• [Activity]:
Output the first line of the listing and each line after it, up to and including the line that contains "女超人:为守护地球免遭破坏,为捍卫爱与和", exactly as written, minus the pictures.

• [Data to examine]:
*** Block opens ***

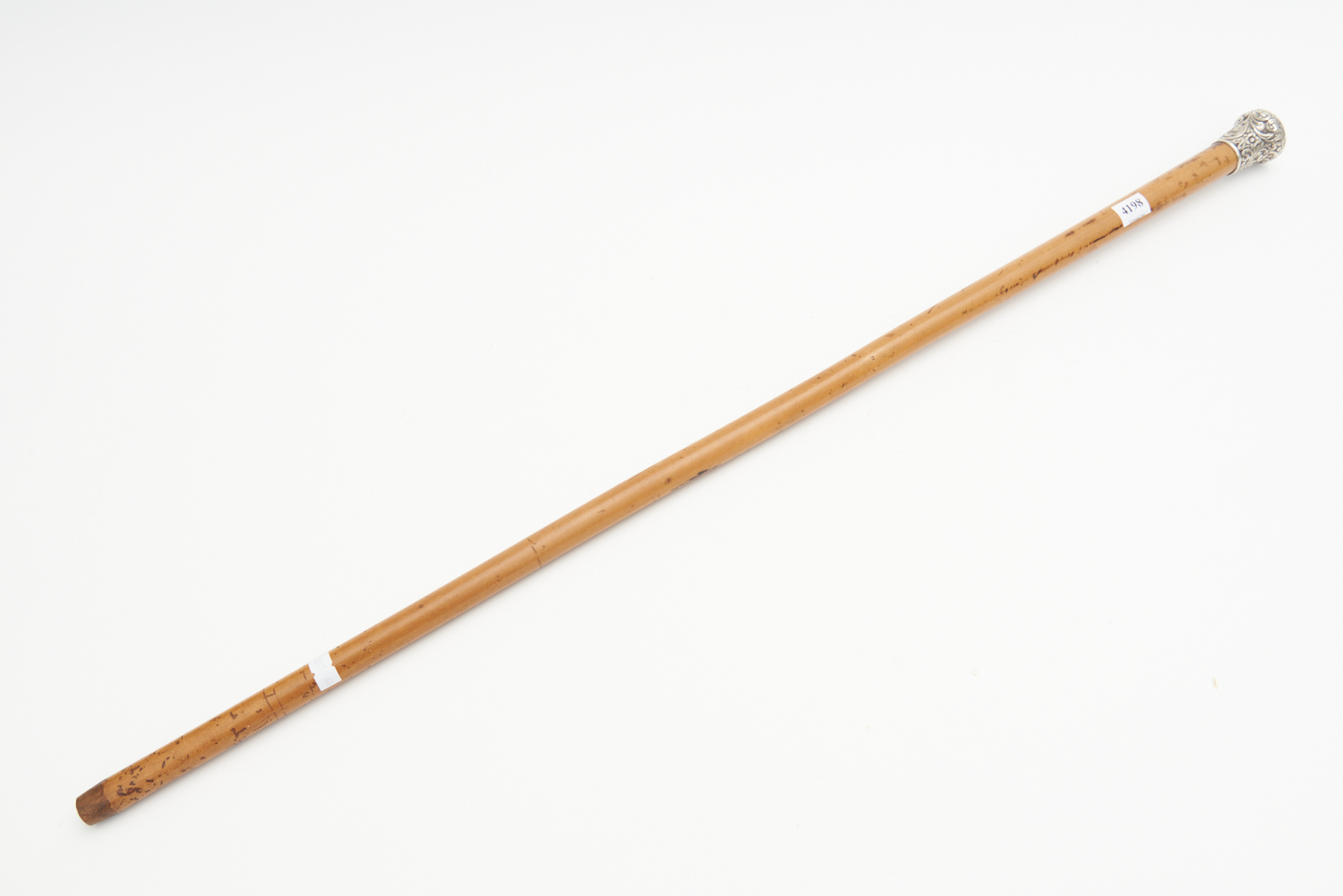 A STERLING SILVER FLORAL DETAILED MALACCA CANE WALKING STICK L.88CM, LEONARD JOEL DELIVERY SIZE: SMALL
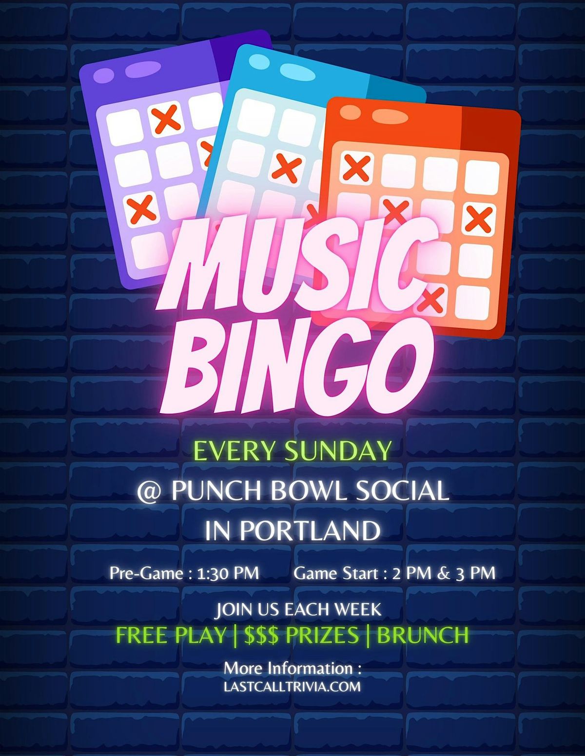Welcome to Brunch & Beats: Music Bingo Madness at Punch Bowl Social! Get ready for a Sunday Funday filled with delicious brunch delights and thrilling Bingo action!
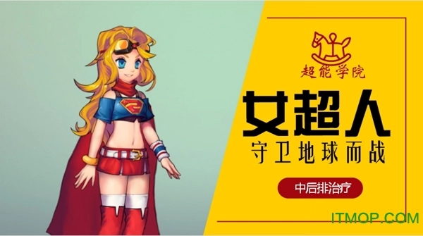 女超人:为守护地球免遭破坏,为捍卫爱与和平的美好,她以女超人之名投身战斗。在超能学院里,女超人担任啦啦队长,定位中后排治疗,兼具群体治疗能力与强化男性英雄攻击的效果。
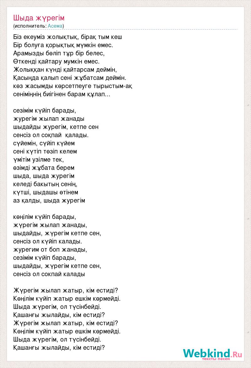 Біз екеуміз жолықтық, бірақ тым кеш Бір болуға қорықтық мүмкін емес. Арамызды бөліп тұр бір белес, Өткенді қайтару мумкін емес. Жолыққан күнді қайтарсам деймін, Қасыңда қалып сені жұбатсам деймін. көз жасымды көрсетпеуге тырыстым-ақ сеніміңнің биігінен барам құлап... сезімім күйіп барады, журегім жылап жанады шыдайды журегім, кетпе сен сенсіз ол соқпай қалады. сүйемін, сүйіп күйем сені күтіп төзіп келем үмітім узілме тек, өзімді жұбата берем шыда, шыда журегім келеді бакытың сенің, күтші, шыдашы өтінем аз қалды, шыда журегім көңілім күйіп барады, жүрегім жылап жанады, шыдайды, жүрегім кетпе сен, сенсіз ол күйіп калады. журегим от боп жанады, сезімім күйіп барады, шыдайды, жүрегім кетпе сен, сенсіз ол сокпай калады Жүрегім жылап жатыр, кім естиді? Көңілім күйіп жатыр ешкім көрмейді. Шыда жүрегім, ол түсінбейді. Қашанғы жылайды, кім естиді? Жүрегім жылап жатыр, кім естиді? Көңілім күйіп жатыр ешкім көрмейді. Шыда жүрегім, ол түсінбейді. Қашанғы жылайды, кім естиді?
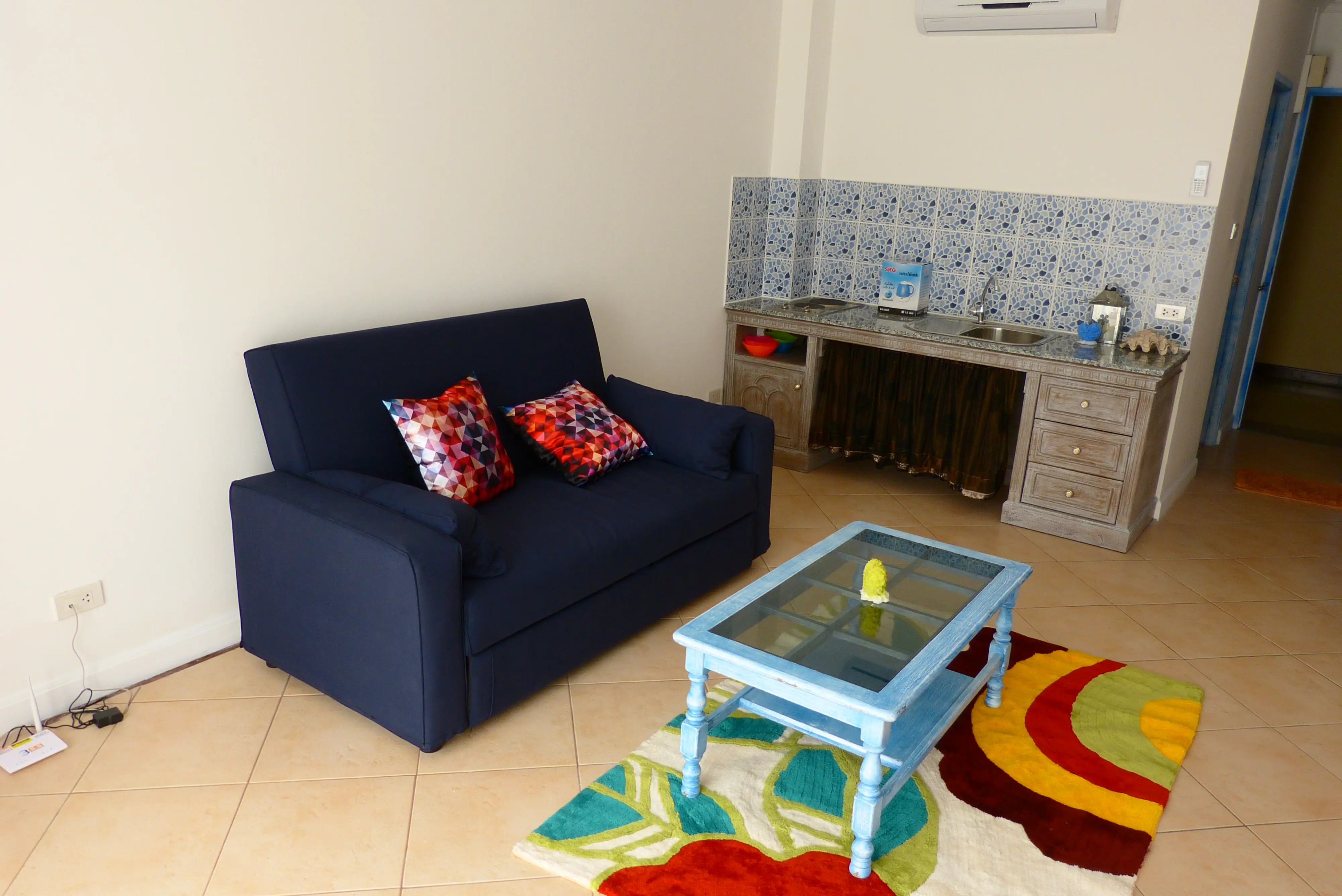 Large one bedroom apartment of 63 sq.m. newly renovated, bathroom and guest toilet, 2 flat screens, large communal pool, close to the beach, taxi, super market and many restaurants.
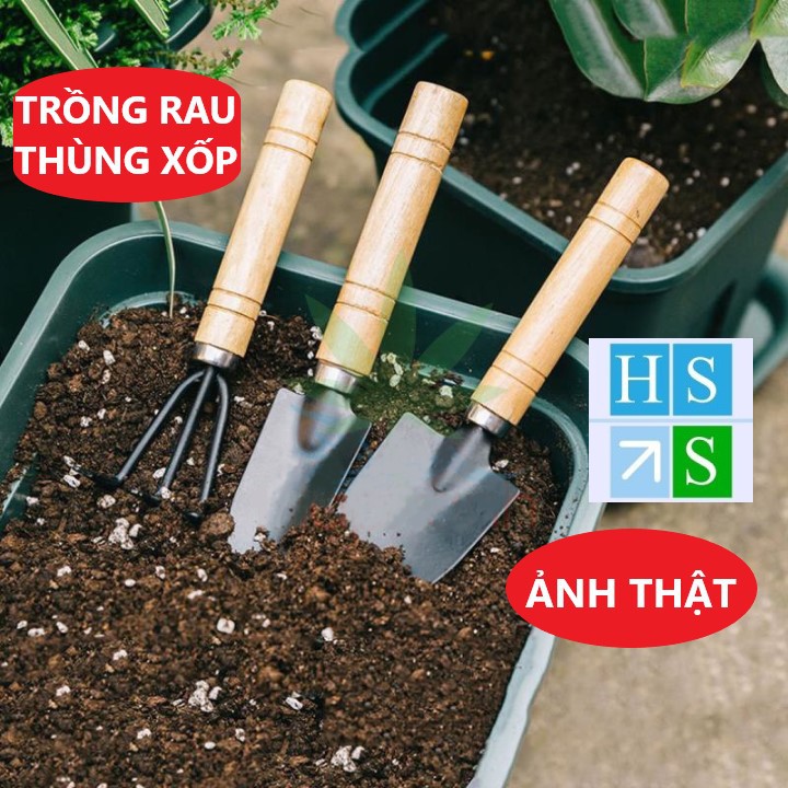 Giới thiệu Bộ 03 Dụng cụ làm vườn mini cán gỗ (Xẻng + Bay + Cào đất) dùng đa năng trồng rau trồng hoa chăm cây cảnh tiện lợi

*** Block closes ***

• [Written response]:
 A STERLING SILVER FLORAL DETAILED MALACCA CANE WALKING STICK L.88CM, LEONARD JOEL DELIVERY SIZE: SMALL
Welcome to Brunch & Beats: Music Bingo Madness at Punch Bowl Social! Get ready for a Sunday Funday filled with delicious brunch delights and thrilling Bingo action!
 女超人:为守护地球免遭破坏,为捍卫爱与和平的美好,她以女超人之名投身战斗。在超能学院里,女超人担任啦啦队长,定位中后排治疗,兼具群体治疗能力与强化男性英雄攻击的效果。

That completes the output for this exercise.